1.7.5 Théorie des relations industrielles ou outil d’analyse
20
Plusieurs auteurs remettent en cause le caractère théorique du système des relations
industrielles tel que développé par Dunlop. Blyton et Turnbull (1998), reprenant les critiques
adressées par Poole (1981 et 1988), Marsden (1982) et Hyman (1975 ,1992) développent les
points suivants
-
le concept de système des R.I est au mieux une description des relations industrielles et
non une théorie.
-
l’importance relative des différentes variables, la façon dont elles interagissent n’est pas
explicité.
-
la notion de système implique une intégration fonctionnelle des différentes institutions en
particulier lorsqu’on postule une idéologie commune .
Selon Blyton et Turnbull (1998) la différence entre les approches pluralistes, parmi lesquelles
la notion de système des relations industrielles de Dunlop occupe une place centrale et
l’approche marxiste est fondamentale du point de vue des statuts de chacune de ces
approches.
L’approche marxiste des relations industrielles se fonde sur une théorie des rapports sociaux,
économiques et politiques. Il y a donc une cohérence théorique que l’on ne retrouve pas dans
les approches pluralistes. Selon Blyton et Turnbull, même si la théorie développée par Marx (
on ne parle pas ici des mouvements politiques marxistes) s’est montrée incapable de rendre
compte de l’évolution du système de production capitaliste, elle a le mérite de fournir des
fondements théoriques à l’analyse des relations industrielles. Par contre les approches
pluralistes, dont celle de Dunlop, restent limitées et descriptives.
1.8 Les relations industrielles comme élément de la relation
d’emploi.
Il semble donc préférable d’étudier les relations collectives (ou industrielles) dans un cadre
plus large, permettant de fixer un cadre théorique : celui-ci devant permettre de déterminer
quels sont les intérêts des différents acteurs, pourquoi ces intérêts divergent.
Ce cadre plus large devrait également permettre d’élargir les champs d’étude à ces aspects
de la relation salariale qui échappent aux relations collectives (ou industrielles). On peut citer
en exemple le développement actuel de certaines formes d’emploi qui échappent à la
négociation collective.
La relation d’emploi est un échange économique, un accord entre employeur et salarié sur la
capacité de travail du dernier (sa productivité et sa force de travail). Mais la relation d’emploi
est également une relation de pouvoir ne fut-ce que par le fait qu’en concluant un contrat de
travail avec l’employeur, le salarié accepte de se soumettre à son autorité.

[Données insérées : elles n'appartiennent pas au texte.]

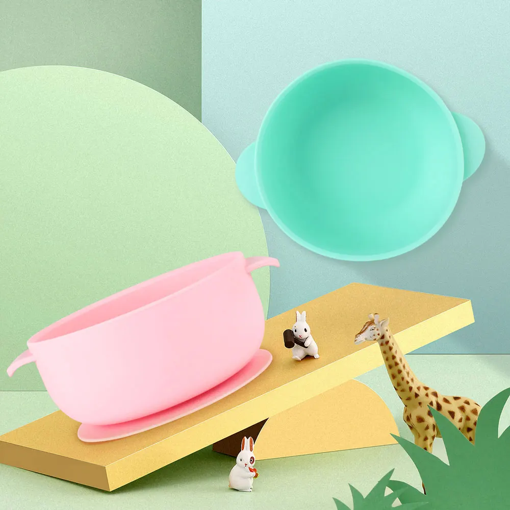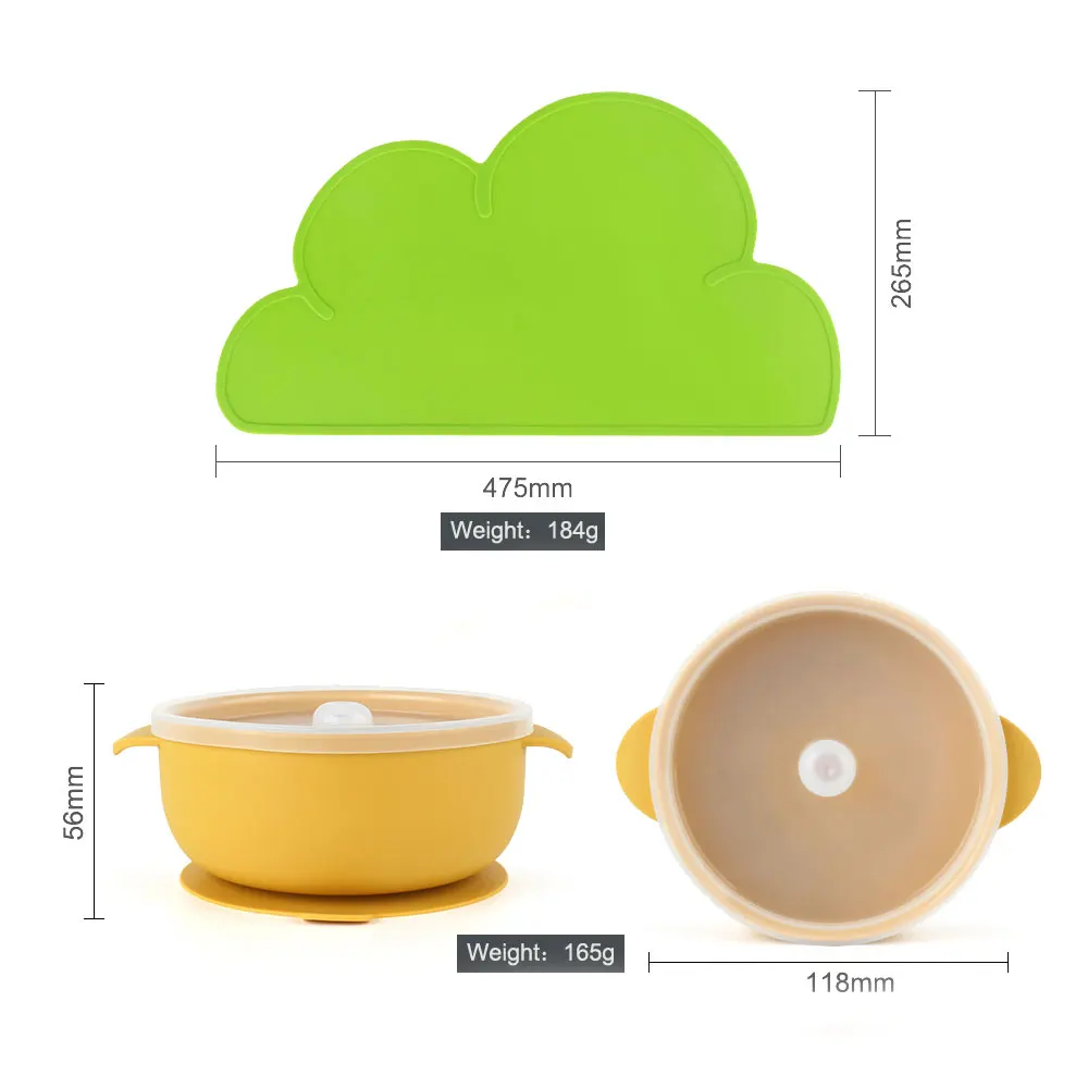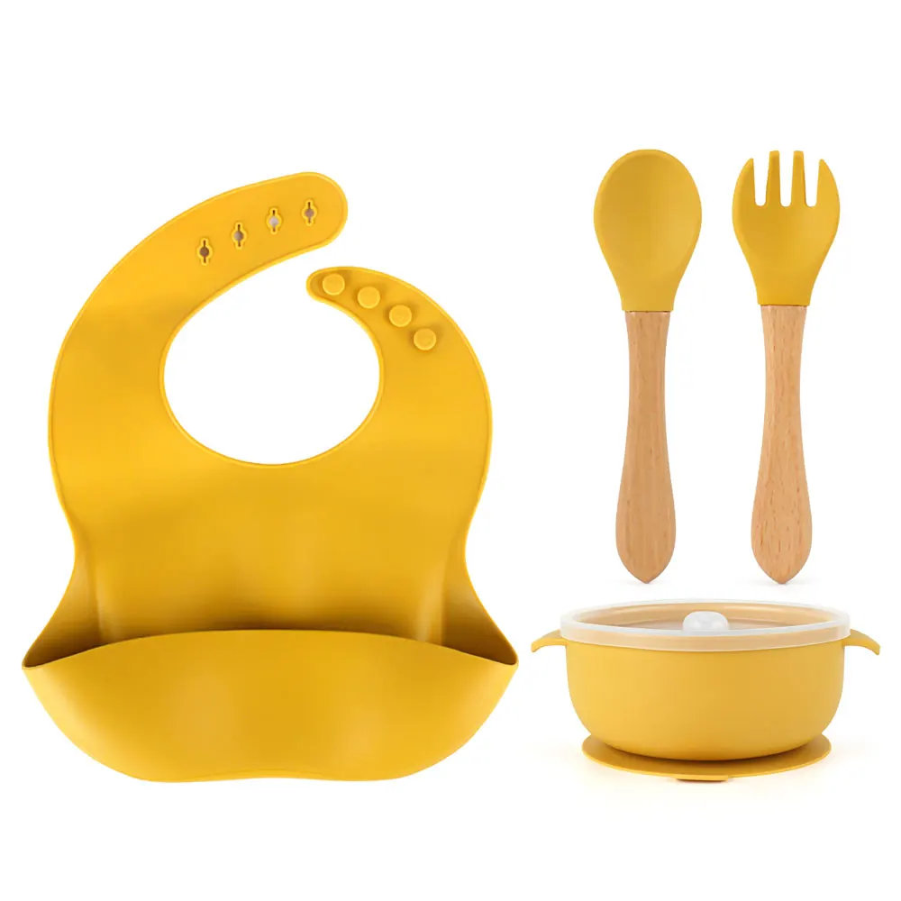 Детская миска, ложка, вилка, нагрудник, набор посуды, Нескользящая силиконовая миска для кормления с крышкой, детская посуда

A la différence de la plupart des autres transactions de marché, qui sont ponctuelles, la
relation d’emploi se caractérise par la continuité et elle nécessite qu’il y ait contrôle. En effet,
si généralement le salaire est fixé au début de la relation d’emploi et la durée fixée ou
21
indéterminée, par contre l’intensité du travail ne peut que difficilement être déterminé. Celle-ci
dépend en partie du contrôle que pourra exercer l’employeur ou son représentant sur le
salarié.
La relation est interdépendante, créant les possibilités à la fois du conflit et de la coopération.
Mais elle est asymétrique en ce sens que l’employeur dispose d’un pouvoir plus important
que le salarié :
La nécessité d’exploiter la force de travail achetée, c’est à dire d’utiliser cette capacité de
travail pour qu’elle génère un surplus, le profit et un travail efficient et donc un produit, induit
simultanément la possibilité du conflit et de la coopération. La nature de la relation d’emploi ne
peut pas dans cette optique se limiter au contrôle par le management de la force de travail
(optique unitariste ou marxiste) mais elle et caractérisée par une combinaison de désaccords
et d’accords , de conflits et de coopération.
Ce sont ces caractéristiques de la relation d’emploi, création d’un surplus économique,
coexistence de conflits et de coopération, l’indétermination de la nature de la relation
d’échange et l’asymétrie de pouvoir qui constituent l’intérêt de l’étude des relations
industrielles et non l’ensemble des institutions et règles qui n’en sont qu’un sous produit.